RICTOR, involved in regulation of cell growth and survival, may be inhibited due to overproduction of proinflammatory cytokines and cell survival (Cheng et al., 2016) (Figures 4C, 9B). Regulation of microRNA has been shown in several sepsis studies, reducing inflammatory cytokines and inhibition of cellular apoptosis (Ho et al., 2016a). Our data show several immature microRNAs to be down-regulated in our tissue samples. miR-6739-3p the most regulated in our data set, involved e.g., up-regulation of the chemokine CXCL1 (GRO-α) (Figures 4C, 9B), by recruiting and activating neutrophils for microbial killing at the tissue site (Sawant et al., 2016). miR-182-5p was found to be associated with down-regulation of multiple proteins in several tissue samples, however, most extensively in heart (Figures 4C, 9B). Regulation of miR-182-5p has been observed both in metabolic pathways, in cardiomyocytes and in sepsis (Vasilescu et al., 2009; Zhang et al., 2016, 2018).

Down-regulation of the upstream regulator CD3 was most strikingly observed in the lung tissue samples. CD3, associated with T-cell receptors that activate T-lymphocytes, has also been reported to be down-regulated in blood samples from other septic shock studies (Venet et al., 2005; Cazalis et al., 2014). However slightly higher numbers of CD3 positive immunostained cells were detected in both lungs and heart from meningococcal septic shock patients as compared to controls (Table 2).

Conclusions

Our study demonstrates that organismal death and multiple defense mechanisms, both pro-and anti-inflammatory, were heavily activated in tissue samples from our patients. Genes associated with several non-inflammatory pathways related to basic metabolism and energy production showed reduced expression. These observations possibly represent a complex preprogrammed response to the massive amounts of meningococci in order to balance the homeostasis in the inflamed organs.
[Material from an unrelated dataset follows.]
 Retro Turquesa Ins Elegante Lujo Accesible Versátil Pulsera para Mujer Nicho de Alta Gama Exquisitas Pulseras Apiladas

Septic lungs showed the most extensive gene expression changes whereas tissues from the spleen revealed, unexpectedly, fewer regulated genes. The different organs showed a quite specific transcriptional signature. These signatures reflect the activation of thousands of specific genes in resident cells and of immune cells attracted to the different organs from the circulation. Collectively they represent the cellular mRNA “fingerprint” associated with a lethal outcome in meningococcal septic shock and multiple organ failure induced by the massive proliferation of N. meningitidis. The results suggest that the acute organ failure is a combined effect of multiple genes being up- or down-regulated in concert and not changes in one single pathway. Future studies will add details that may explain more clearly the contribution of protein-coding and non-coding RNA transcripts in the pathophysiology of meningococcal septic shock and possibly identify new intervention methods.
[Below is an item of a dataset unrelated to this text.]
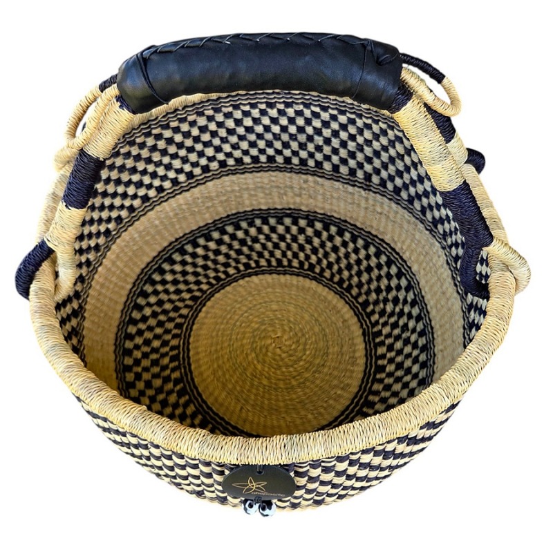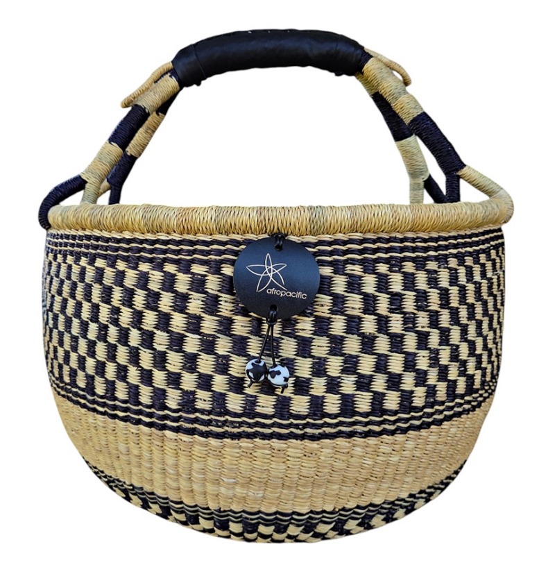 Round Market Basket – hand woven in Ghana, this high quality basket has a fixed single handle for carrying comfort and an open top for accessibility. Great for market shopping, beach and BBQ.

Data Availability Statement

The datasets supporting the conclusions of this article are available in the Gene Expression Omnibus (GEO) repository https://www.ncbi.nlm.nih.gov/geo/ under the identifier GSE141864 in accordance with minimum information about a microarray experiment (MIAME) standards.

Ethics Statement

The study was approved by the Regional Medical Ethical Committee of South East Norway (2011/1413C Translational research, meningococcal disease and 2011/753 Studies of invasive meningococcal and pneumococcal disease). The patients' samples were collected after informed consent from patient parents or relatives and according to the Helsinki declaration. The Director of Public Prosecutions approved the use of forensic material for this research.

Author Contributions

BB, RØ, PB, BH, JB, UG, OO, EL, and IG conceptualized and designed the study. EL and BH contributed with patient data and paraffin blocks from their hospital. BB, IG, EL, and RØ performed the laboratory experiments. BB, RØ, and PB performed the statistical analysis and drafted the manuscript. BB and OO performed the data analysis. BB, RØ, PB, JB, BH, UG, EL, and IG critically revised the manuscript. RØ, PB, and JB supervised the study. All authors read and approved the final manuscript.

Conflict of Interest

The authors declare that the research was conducted in the absence of any commercial or financial relationships that could be construed as a potential conflict of interest.